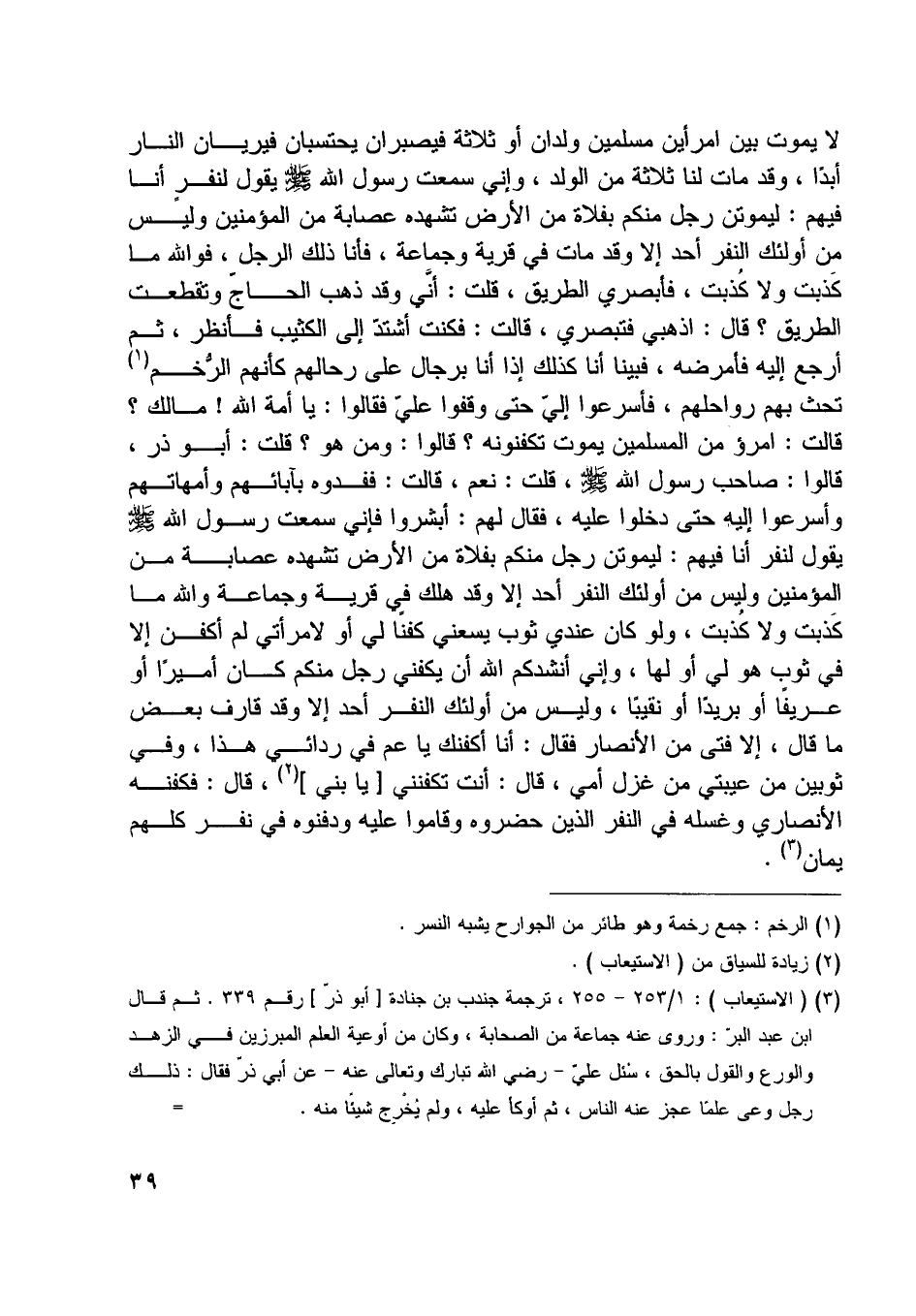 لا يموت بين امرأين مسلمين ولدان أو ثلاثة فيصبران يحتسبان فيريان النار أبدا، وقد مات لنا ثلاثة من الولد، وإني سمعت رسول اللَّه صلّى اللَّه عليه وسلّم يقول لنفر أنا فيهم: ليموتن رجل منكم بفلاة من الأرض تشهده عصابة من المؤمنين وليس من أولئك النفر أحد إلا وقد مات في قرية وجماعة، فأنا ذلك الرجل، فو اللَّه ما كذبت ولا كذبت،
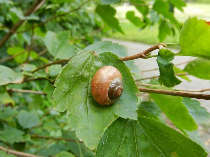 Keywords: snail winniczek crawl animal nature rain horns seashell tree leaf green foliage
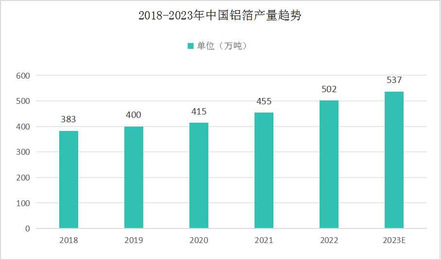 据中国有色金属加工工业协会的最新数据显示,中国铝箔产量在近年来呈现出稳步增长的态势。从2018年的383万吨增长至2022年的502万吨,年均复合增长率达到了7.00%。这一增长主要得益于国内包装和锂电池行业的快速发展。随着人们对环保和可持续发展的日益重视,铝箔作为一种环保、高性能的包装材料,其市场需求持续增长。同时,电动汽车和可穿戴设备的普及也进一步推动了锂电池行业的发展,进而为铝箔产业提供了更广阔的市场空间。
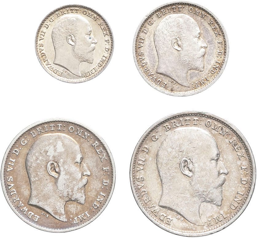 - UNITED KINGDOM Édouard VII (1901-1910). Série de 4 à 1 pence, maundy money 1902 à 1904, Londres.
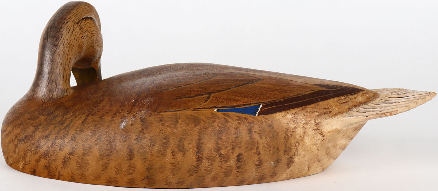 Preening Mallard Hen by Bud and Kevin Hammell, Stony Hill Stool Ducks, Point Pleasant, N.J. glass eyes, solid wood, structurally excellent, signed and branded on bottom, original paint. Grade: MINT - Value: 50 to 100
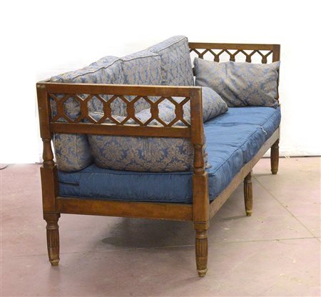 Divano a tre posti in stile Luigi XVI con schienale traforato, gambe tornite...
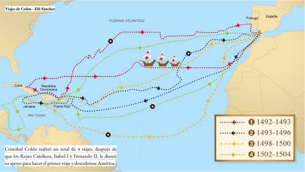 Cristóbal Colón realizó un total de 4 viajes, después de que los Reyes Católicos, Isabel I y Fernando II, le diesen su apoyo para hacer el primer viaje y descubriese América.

● ● ●

**Action item**.
Find the line with "Divano a tre". Reproduce it and every line after it through the last line above exactly, leaving out the pictures.

**Response to this task**.
 Divano a tre posti in stile Luigi XVI con schienale traforato, gambe tornite...
 Cristóbal Colón realizó un total de 4 viajes, después de que los Reyes Católicos, Isabel I y Fernando II, le diesen su apoyo para hacer el primer viaje y descubriese América.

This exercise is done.